Sì, ho intervistato molti membri della mia famiglia. Ho riletto i miei diari, la mia posta elettronica, e ogni volta che ho trovato discrepanze incolmabili, ho messo delle note a piè di pagina. Volevo che il libro affrontasse la questione dei diversi ricordi, perché sono una parte importante nell’evoluzione dei miei rapporti familiari. La frattura tra me e i miei genitori è stata in parte dovuta al fatto che mio fratello fosse violento, ma soprattutto al fatto che i miei genitori non mi hanno creduta quando gliel’ho rivelato. Ma il problema vero è che loro mi credono e mi credevano anche allora. Proprio per questo mi hanno allontanata. Il diverso modo di ricordare è il fulcro del libro: così come le violenze e gli abusi fisici e la maniera in cui ci relazioniamo con le vittime. Se fossi stata una bugiarda, i miei si sarebbero preoccupati per me, e non mi avrebbero accusato di essere pazza o posseduta. Dopo il #MeToo, nel macrocosmo, c'è chi ha avuto que- sto stesso atteggiamento punitivo nei confronti delle vittime. Cosa pensa del fatto che le donne abbiano denunciato “tardi”?
Mi spaventa vedere quanto sia stato facile normalizzare certe cose. Per molto tempo le donne hanno semplicemente dovuto adattarsi a vivere nel mondo così com’era, pensando che quasi non avesse senso parlare di certi argomenti. Anch’io la pensavo così: credevo che la famiglia fosse questo, che la vita fosse questa e che non avesse senso parlarne. Ma, tornando alla fede: è la speranza in qualcosa di migliore. Quindi parlare e cercare di cambiare le cose credo sia una forma di fede. Ma è altrettanto importante avere fiducia nelle istituzioni, nello Stato di diritto e nel sistema giudiziario.
Come ha fatto una persona come lei, che viveva in un mondo così chiuso, a fare lo scatto per emanciparsi?
Ci sono stati una serie di piccoli passi: l’educazione mi ha cambiata. Quando a 22 anni studiavo a Cambridge e tor- navo a casa: avevo una vita del tutto diversa, leggevo cose diverse e interagivo con persone diverse. Credo che la forza di distruzione che aveva portato a normalizzare la violenza si sia indebolita man mano che avevo accesso a modi di pensare alternativi.
Nel suo libro, da un lato c’è suo padre e le sue credenze, dall’altro sua nonna che prova a portarla via di casa. Mia nonna era abbastanza “mainstream”, voleva che andassimo a scuola.
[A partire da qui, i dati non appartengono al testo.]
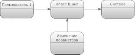 Рис. 5 иллюстрирует взаимодействие, при котором происходит добавление дополнительного параметра Нить в класс Шина. В этом случае источником взаимодействия является пользователь, который вызывает это взаимодействие, в качестве направления взаимодействия выступает Система, в качестве объекта взаимодействия - класс Шина, представляющий собой объект схемы метауровня (см. далее), а в качестве процесса взаимодействия - класс Изменение параметров класса.

Per questo era in contrasto con mio padre, suo figlio. Ma a quell’età non c’era nessuno di cui mi fidassi di più che i miei genitori. Perché ha scritto un libro così intimo?
Volevo offrire una storia che parlasse della perdita della famiglia. Non un manuale su come affrontarla, ma un modo per far sentire meno sole le persone che ci passano. Io mi portavo dietro uno stigma. Mi chiedevo: ‘ Come faranno a credere che io sia una brava persona, se mia madre non crede che io lo sia’. Avevo bisogno di qualcuno che mi dicesse: ‘Queste cose accadono, è successo anche a me’.
Un #MeToo...
Quando si subisce una violenza, sapere che anche qualcun altro ci è passato è fondamentale.